Рабочие казармы, в которой жил и Ахъямка, сразу заметили его любовь и загоготали:
— Че, Ахъямка, скоро жениться будешь? Го, го, го!..
Некоторые с деланной серьезностью учили:
— Ты, паря Ахъямка, с исподтишка подъезжай к ей. Она девка матерая, ежели звезданет по уху, так не шибко поглянется!

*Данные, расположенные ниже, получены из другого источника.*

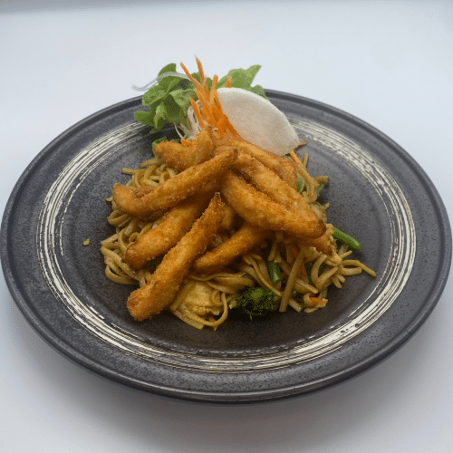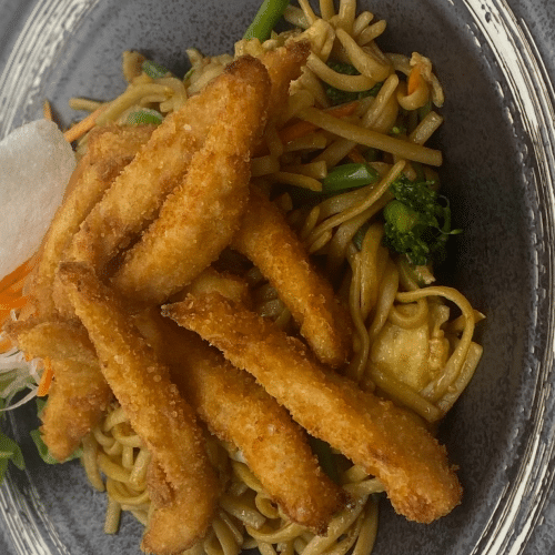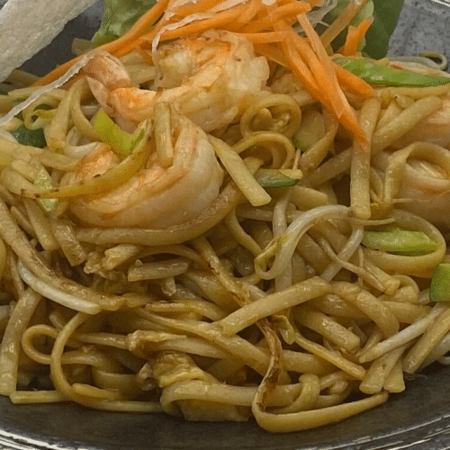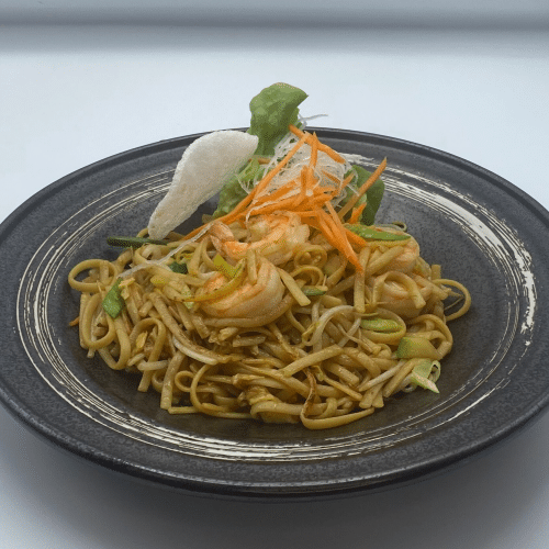 gebratene Nudeln mit Ei, Möhren, Zwiebeln, Sojasprossen und Süß-Sauer-Sauce, dazu eine Zutat nach Wahl

И, насмешливо оглядев тщедушную фигуру Ахъямки, продолжали:
— Она ненароком тебя соплей пополам перешибить может.
Но Ахъямка не замечал насмешки.
В своей наивности полудикаря он верил, что рабочие дают ему дельные советы.
А казарма подготовлялась к самому смешному.
Сначала Ахъямке долго говорили о достоинствах Лушки, причем касались самых интимных подробностей и, наконец, под едва сдерживаемый хохот казармы, заранее предвкушавшей веселье, конюх Мартын говорил:
— А што, Ахъямка, тебе-то глянется Лушка?
Тогда глаза Ахямки, подернутые и без того маслом, окончательно закрывались от удовольствия, он потел и, смешно расставив руки с растопыренными пальцами, точно собираясь ваять ими что-то крупное, говорил:
— Карюш депка, жирнай!..
Взрыв хохота сопровождал эти слова, только Мартын крепился и спрашивал:
— Жирный, говоришь?..
Но тут обыкновенно и он не мог сдержаться и казарма долго тряслась от хохота, но Ахъямка, сообразив, наконец, что сказал что-то смешное, обижался, брал ружье и уходил на охоту.
Сегодня Лушка сама прибежала к нему в казарму, когда весь народ был на работе, и сказала, чтоб он принес дичи.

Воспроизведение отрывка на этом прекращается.